Naomi Kimishima clutches her phone tightly as it evaporates the familiar feelings of terror and fear. And all that terror and fear finds no other human bodies to burrow themselves into, so they find the only choice left: the forensics researcher herself.

_No…_

_It can't be…_

_It was only yesterday… or the day before… or only a few hours ago… when she was still alive… or at least, still healthy…_

_That bomb was meant for me._

And Naomi tightens her grip on her phone, as if trying to mute it out, if it sounds. Of course, it's hopeless. All phones that emit terror and fear and voodoo hotlines will not be muted. It's not like Naomi can flip open her phone, go to settings, and press "mute". She wishes that she could, though. If she did, she wouldn't have to face her ordeal like she is facing now.

_Why didn't I take the bomb? Why didn't I get injured instead of her? As I sit here now, her parents are already on their way to death…_

Naomi's phone begins to vibrate as a spectrum of purple and blue burst forth. She is much too familiar with this motion, for she has felt it… thousands of times… but this feels a thousand times worse.

_No! Don't… don't… please!_

The voices rise to a cacophony of wailing screams and screaming wails, the last voices of the dead. Slowly, the hideous shrieks wither down to a single, whispering voice. A voice that Naomi knows so well…

_Please don't! _Naomi trembles in her mind. _No! Please! Don't ring! Don't say it, Alyssa! Hang on!_

Suddenly, as if Naomi's words could penetrate through the passageway of life and death, the voices stop. The shrilling cries of the dead dwindle down to a low murmur and disappear completely. The room is suddenly quiet, but the cold, evil lurk still resides, rising goosebumps on Naomi's flesh.

"It's… over?"

The phone is silent as still, as if it was the one who had been cut off dead. But it doesn't matter. At that moment, nothing mattered to Naomi, except for the mute phone. Maybe she really had turned the phone on mute. Or maybe it was something else. Either way, the silenced phone only means one thing to the heart-stricken researcher clad in black.

_Alyssa Breslin is alive._

Breslin. The word is unfamiliar and alien as Naomi plays with it in her mouth. The tongue moves in strange ways, completely unwelcome.

_Not Breslin, _Naomi thinks. _The poor girl doesn't have a home… from now on… her name will be Alyssa Kimishima._


	7. The Song of Death

When I was young, I was in a fire.

Born from the ashes of flames that licked my insides as well as my outside self, was fear and terror, sorrow and hopelessness. When I got out of the densing smoke, coughing, all I wanted to do was to be free. To set my wings alight with a force hidden from me until now. I wanted to fly away from all of the burden, from my near-death experience, from the loss of my parents, from the claustrophobic feeling that the orphanage had always given me.

But I didn't.

I had foreseen things coming, things that would determine the future of mankind, and how history will play its events out. In my dreams, I saw a paradise, a world of shining water and bright blue skies, an utopia in which no one coughed to doubled over from sudden stomachaches. I saw a world in which no one had an illness, for it is gone, forever, like a vapor of mist blown away by the winter gales.

But I also saw fire.

Fire and smoke, columns of ashes shooting up into the air and dissolving in mushroom clouds. The sky, heavily polluted with this new mass of smoke being dumped onto its fragile shoulders, was overcast with dark grey skies and black clouds. On the surface, the smell of burning flesh was everywhere, the sickly aroma of bodies turning to dust as their very essence is carried away by the same currents.

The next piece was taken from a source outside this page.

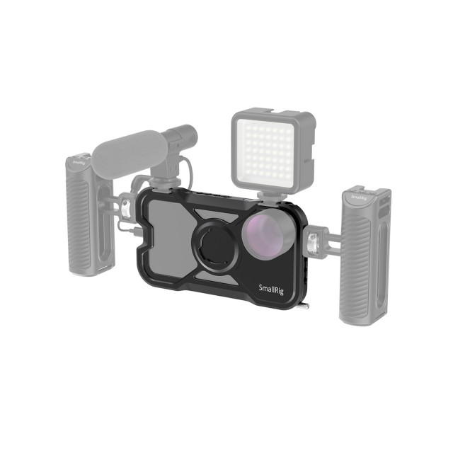 A SmallRig Pro Mobile Cage for iPhone 11 (fekete) CPA2455 úgy lett kialakítva, hogy megvédje iPhone 11 készülékét, és lehetővé tegye további kiegészítők csatlakoztatását mobil fotózáshoz és videózáshoz, élő közvetítéshez, interjúkhoz, vlogoláshoz stb. Egyik oldalán hüvelykujjcsavar található, amely biztosítja a telefon gyors fel- és leszerelését. Két vakusín és több 1/4"-20-as menetes furattal rendelkezik különböző tartozékok, például mikrofon, LED-lámpa, állvány stb. felszereléséhez, és támogatja a vízszintes és függőleges felvételkészítést is. Kompatibilis 17 mm-es menetes objektívvel. Ezek az 1/4"-20-as menetes lyukak a felső és az alsó részén lévő bevágásokkal a SmallRig alumínium oldalsó fogantyú rögzítésére használhatók a HSS2424 okostelefon cage-hez a kézi felvételekhez, vagy a SmallRig bilincs a BSC2390 mobiltelefon kábeléhez a kábel rögzítéséhez felvétel közben. A beépített párnák segítenek elnyelni az ütéseket és megakadályozzák a telefon karcolódását. A csuklóra rögzíthető nyitással is rendelkezik.

I knew then that I would be part of a huge project that would be fateful to the entire human race, and, with one utmost decision, might either rebuild mankind's civilization, or collapse it completely. I knew, that if I left now, there would be no going back.

So I stayed.

I didn't die. As much as my body screamed for me to just let go of that one sliver of ribbon that connected me to Earth, I didn't release my fingertips. I never let my lifeline slip from my clutches, even as the paramedics did first aid, even when the AED was used twice. I never let go of hope, and that alone kept despair away.

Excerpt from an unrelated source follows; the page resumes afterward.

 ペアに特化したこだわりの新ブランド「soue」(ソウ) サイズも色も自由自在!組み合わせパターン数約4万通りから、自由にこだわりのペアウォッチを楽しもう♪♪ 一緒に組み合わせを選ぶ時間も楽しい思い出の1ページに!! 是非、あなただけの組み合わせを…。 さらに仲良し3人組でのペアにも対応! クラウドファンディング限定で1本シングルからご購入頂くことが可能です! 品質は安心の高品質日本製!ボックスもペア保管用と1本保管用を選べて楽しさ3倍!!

But it couldn't last forever.

There, slipping away, I began to lose my vision on what's real or not. Which world is reality? My dreams, or the universe in which I am dying in right now? I'm not sure. I'm never sure. I'm about to fall into that endless pit in which hopelessness beckons, but then... I see something much better.

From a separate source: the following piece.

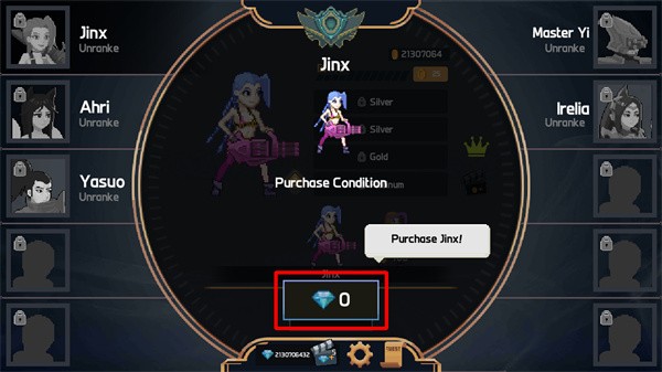 像素风格与英雄联盟角色还原:游戏采用像素风格,将英雄联盟中的角色以独特的像素形式呈现,包括金克斯、剑圣、刀妹和亚索等经典角色,为玩家带来熟悉而又新颖的视觉体验。

A flash of orange, though not a fierce, flaring orange like the fires that still fight among the water being pourerd onto them, but something more beautiful instead, and offers life. I catch the glimpse of a Monarch butterfly as it flutters past, and slowly, I begin to regain my body. First, I wriggle my toes, wobble my fingers, bob my head. My arms twitch, my legs dance nervously, and suddenly, I feel alive again.

Now, I am still young, but I can still reflect on those memories. My history before that unforgettable fire has long since been torn to rags and shreds by the angry flames that had consumed it, fueled by the terror of what will happen. I've always been a clairvoyant, been foreshadowing the future, but it isn't until now do I realize what truly will happen as my life flashes before my eyes.

But it's not my life I'm seeing.

I'm seeing other people at the peak of their age, crumbling to the unresistable force of for being alive too long, but other young souls are lost to the disasters that has come to strike the world. I can see fires eating away what's left of one's hope, floods rinsing away the remainder of people's spirits themselves, and see gunfire taking away the lives of thousands. And suddenly, my vision spirals to me again, lying in a field of golden Asclepias flowers as a gun is held in front of me.

My eyes, so big and pink, strongly disturbed at the sight in front of me, open. Suddenly, I am no longer seeing from third person, but first person instead, watching the narrow hole of the gun aimed at my heart.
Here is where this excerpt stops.